HOW TO COMPLETE THIS TASK
Print every record below exactly, minus the pictures.

AVAILABLE DATA
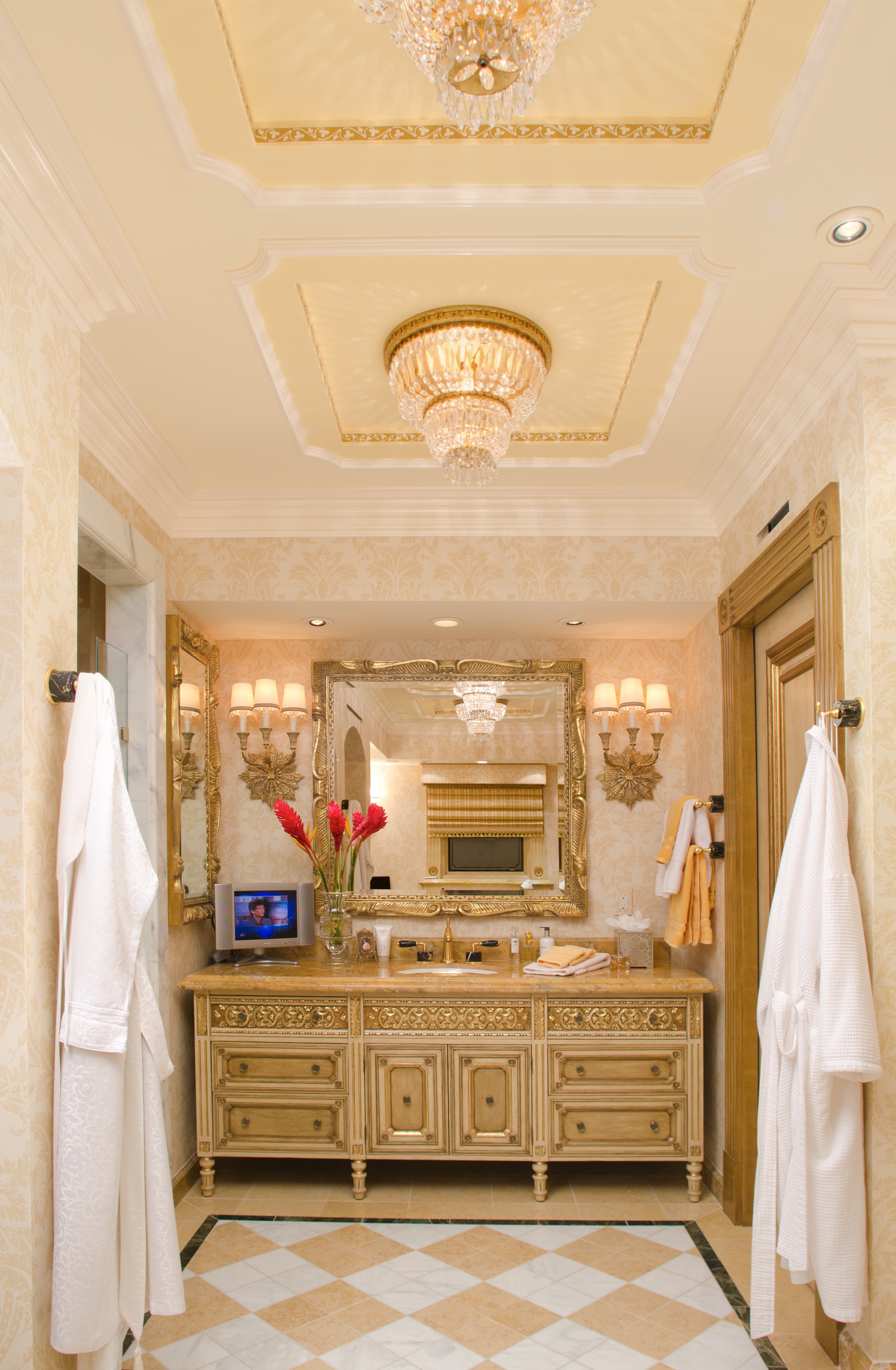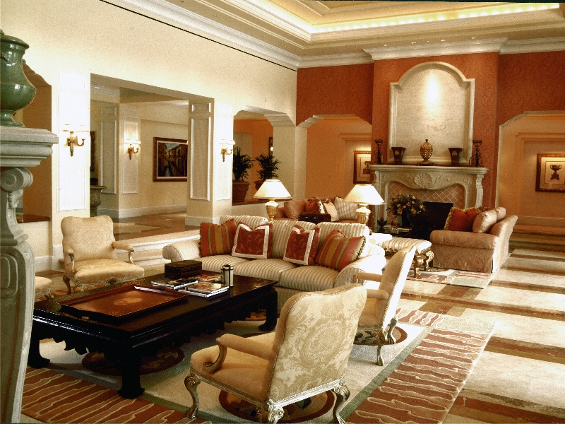 At The Grand Del Mar, a one-of-a-kind luxury resort just north of San Diego, we designed each and every ceiling differently: using such techniques as hand stenciling, frescoes, elaborate wood, stone or fabric inlays, wood beams and light coffers. In this particular project, we were intent on using ceiling designs that reflect what is seen in many historic buildings throughout Europe. Most importantly, these ceilings are all in keeping with the interiors – an intricate Mediterranean style – and never fail to amaze visitors.
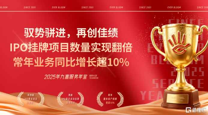 2025年,九富服务A股IPO成功挂牌项目总募资额,占A股2025年度总募资额近30%。其中,A股前二十名IPO募资项目中,近半数由九富提供服务,并包揽科创板IPO募资前两名;服务港股IPO成功挂牌项目同比去年激增四倍,境内外IPO业务全年捷报频传。
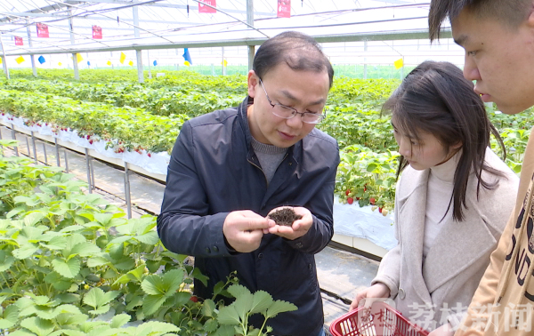 基质栽培技术要求高,不同生长期的草莓,营养元素都需要精准提供,每次遇到问题,纪荣喜就想到了王老师。
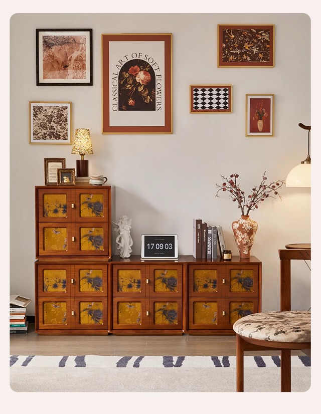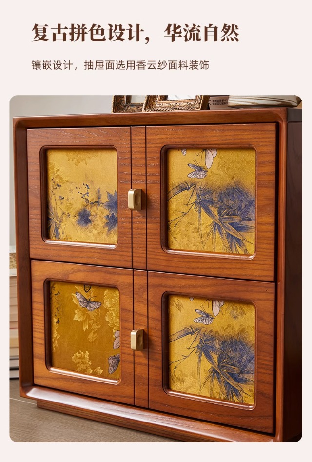 Gran cajón retro francés Sima, sala de estar, dormitorio, cajón contra la pared, armario de almacenamiento de madera maciza, armario de hilo Xiangyun
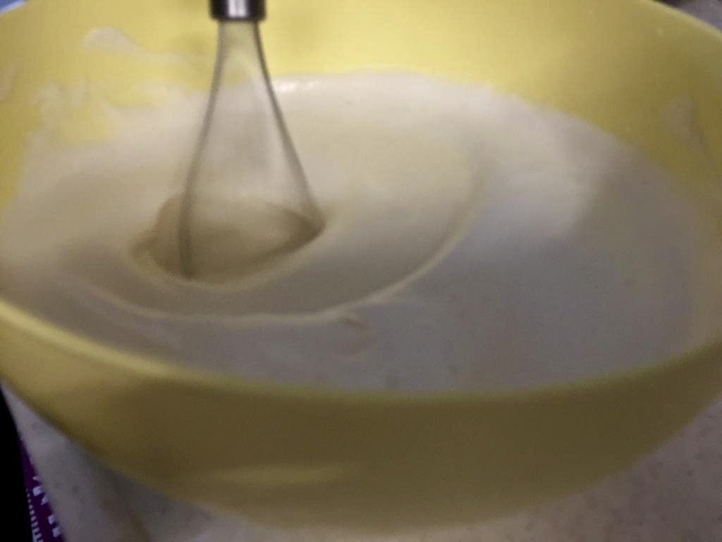 3 yemek kaşığı un, 1 yemek kaşığı nişasta, 1 su bardağı şeker ve 1 paket vanilya ilave edilip mikserle 2-3 dakika çırpılır.
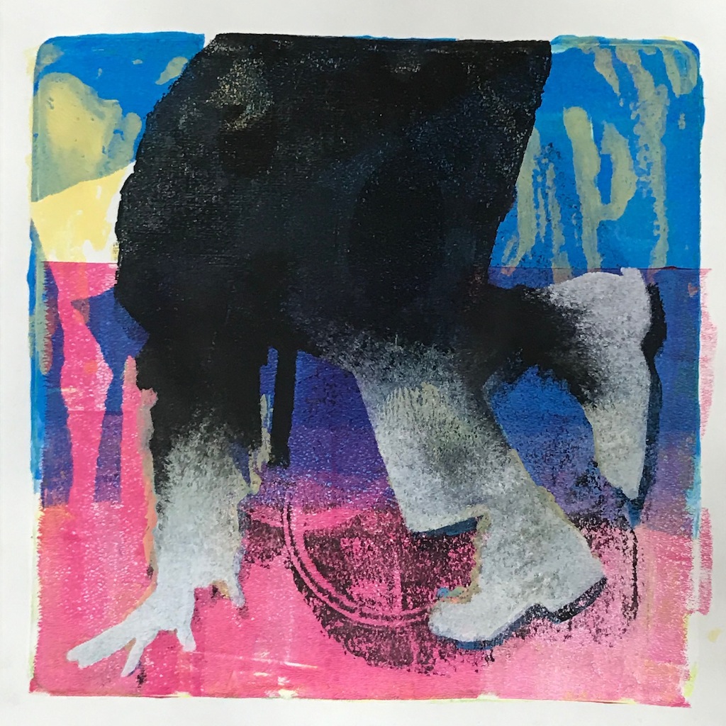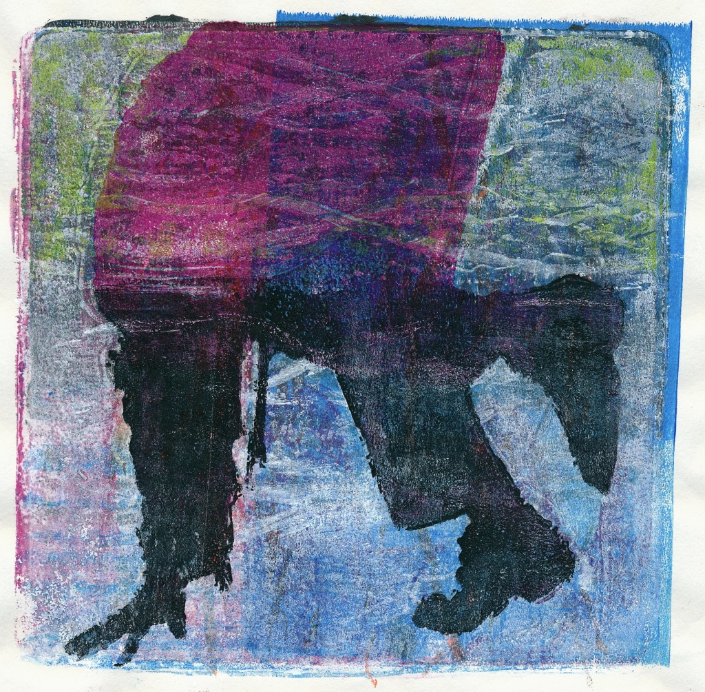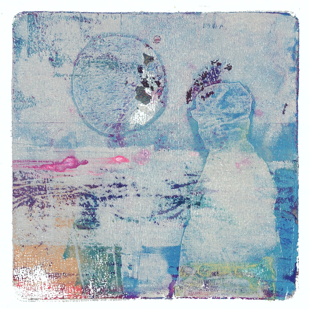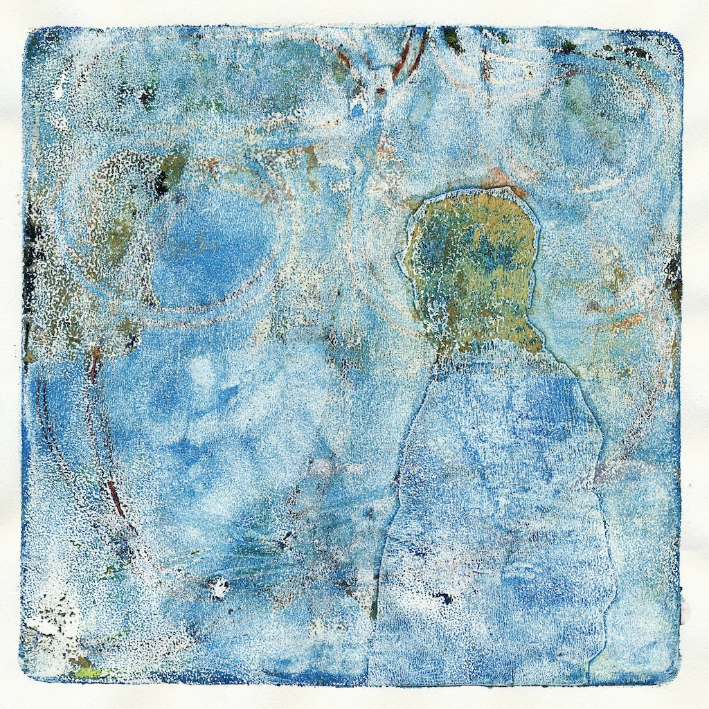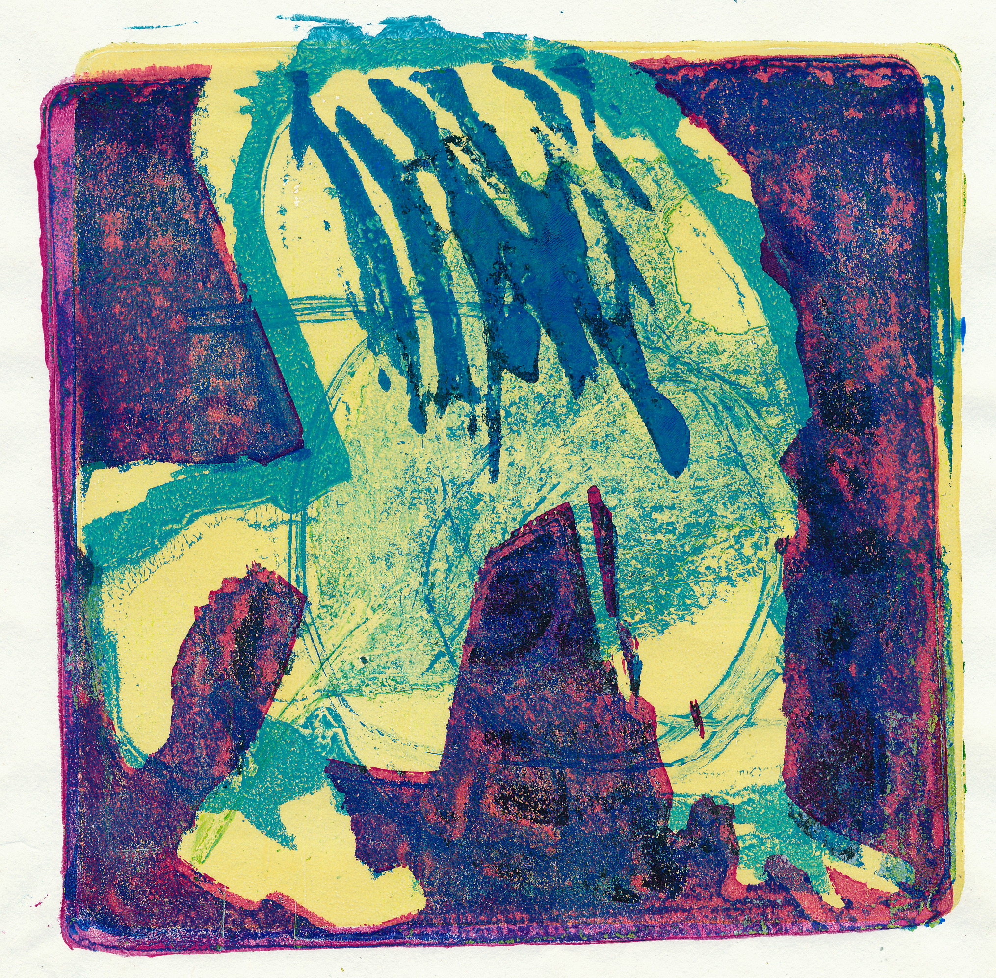 Gelli-plate print, acrylic on paper 6"x 6" artist's collection

TASK OUTPUT
 At The Grand Del Mar, a one-of-a-kind luxury resort just north of San Diego, we designed each and every ceiling differently: using such techniques as hand stenciling, frescoes, elaborate wood, stone or fabric inlays, wood beams and light coffers. In this particular project, we were intent on using ceiling designs that reflect what is seen in many historic buildings throughout Europe. Most importantly, these ceilings are all in keeping with the interiors – an intricate Mediterranean style – and never fail to amaze visitors.
 2025年,九富服务A股IPO成功挂牌项目总募资额,占A股2025年度总募资额近30%。其中,A股前二十名IPO募资项目中,近半数由九富提供服务,并包揽科创板IPO募资前两名;服务港股IPO成功挂牌项目同比去年激增四倍,境内外IPO业务全年捷报频传。
 基质栽培技术要求高,不同生长期的草莓,营养元素都需要精准提供,每次遇到问题,纪荣喜就想到了王老师。
 Gran cajón retro francés Sima, sala de estar, dormitorio, cajón contra la pared, armario de almacenamiento de madera maciza, armario de hilo Xiangyun
 3 yemek kaşığı un, 1 yemek kaşığı nişasta, 1 su bardağı şeker ve 1 paket vanilya ilave edilip mikserle 2-3 dakika çırpılır.
 Gelli-plate print, acrylic on paper 6"x 6" artist's collection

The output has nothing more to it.